According to Dr. Robert Martin, a neurologist and movement disorders specialist at Baystate Neurology, "Over the last decade, there’s been a tremendous amount of research about and drug trials related to Parkinson's disease (PD) that have increased our understanding of the complexity of the disease as well as how best to use different medications to control symptoms and improve quality of life throughout the disease’s progression. That understanding should give patients and their families a tremendous sense of hope about what their future may look like.”

Noting that Parkinson’s disease is a progressive whole-body disease, Martin says at different stages of the disease, patients will require different medications. “Often people think Parkinson’s medications are exclusively intended to address the visible movement disorders—rigidity, tremors, or difficulty walking,” he says. “But the truth is there are numerous other PD symptoms that have an even greater impact on an individual’s quality of life. These are often hidden from view, making PD a bit of an iceberg of a disease. The movement disorders are above the water line where everyone can see them but down below are other symptoms.”

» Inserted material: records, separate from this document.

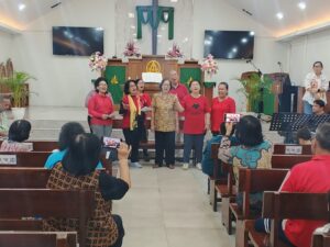 Sebelum berpisah, panitia Bulan Keluarga 2025 GKI Camar Bekasi memberikan kenang kenangan kepada Pdt Dr Charliedus R Saragih, M.M dan Ka Mega Tamba.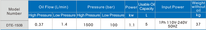 - Bơm điện căng bulong thủy lực DTE-150B sử dụng động cơ: 1.1 kW, 220V/50Hz/1ph, với lưu lượng đẩy dầu: 1.4/0.37 lít/phút tại 100/1.500 bar.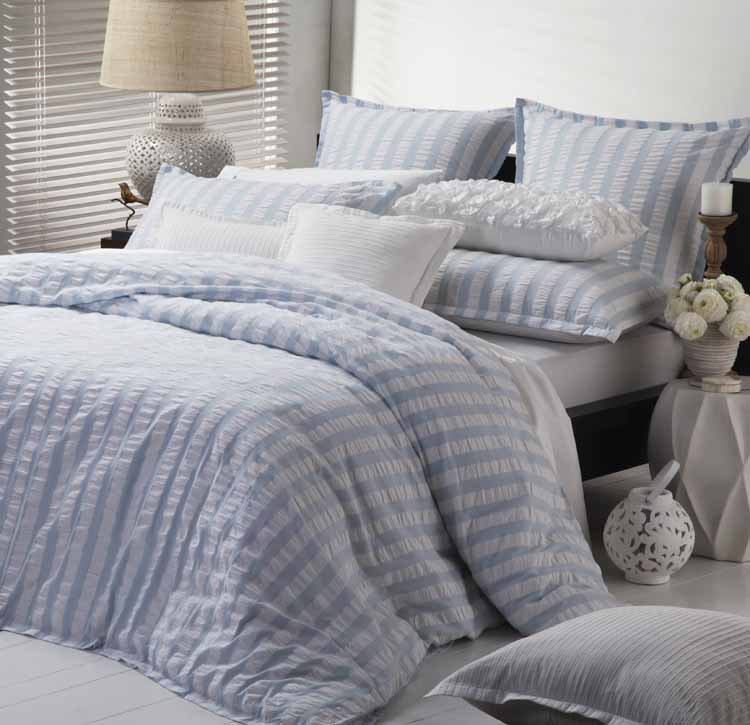 Cabarita Marine Quilt Cover Set by Logan & Mason Platinum Collection features 100% cotton seersucker vertical stripe in white and light blue tones with tailored flange.

These Parkinson’s disease symptoms may include:

  • Loss of sense of smell
  • Constipation
  • Panic Attacks
  • Anxiety
  • Pain
  • Depression
  • Bladder issues
  • Hallucinations
  • Erectile dysfunction
  • Sweating
  • Dimension
  • Loss of facial expression
  • Difficulty swallowing
  • Challenges with sleep
  • Delusional behavior
  • Lack of impulse control

“Over the course of living with the disease for 10 or even 20 years, as many patients do,” says Martin, “Different symptoms may emerge. This means that the medication prescribed to each individual needs to be consistently evaluated and adjusted—sometimes adding a new drug, sometimes stopping one. The good news,” he adds, “is we now have more medication options than ever.”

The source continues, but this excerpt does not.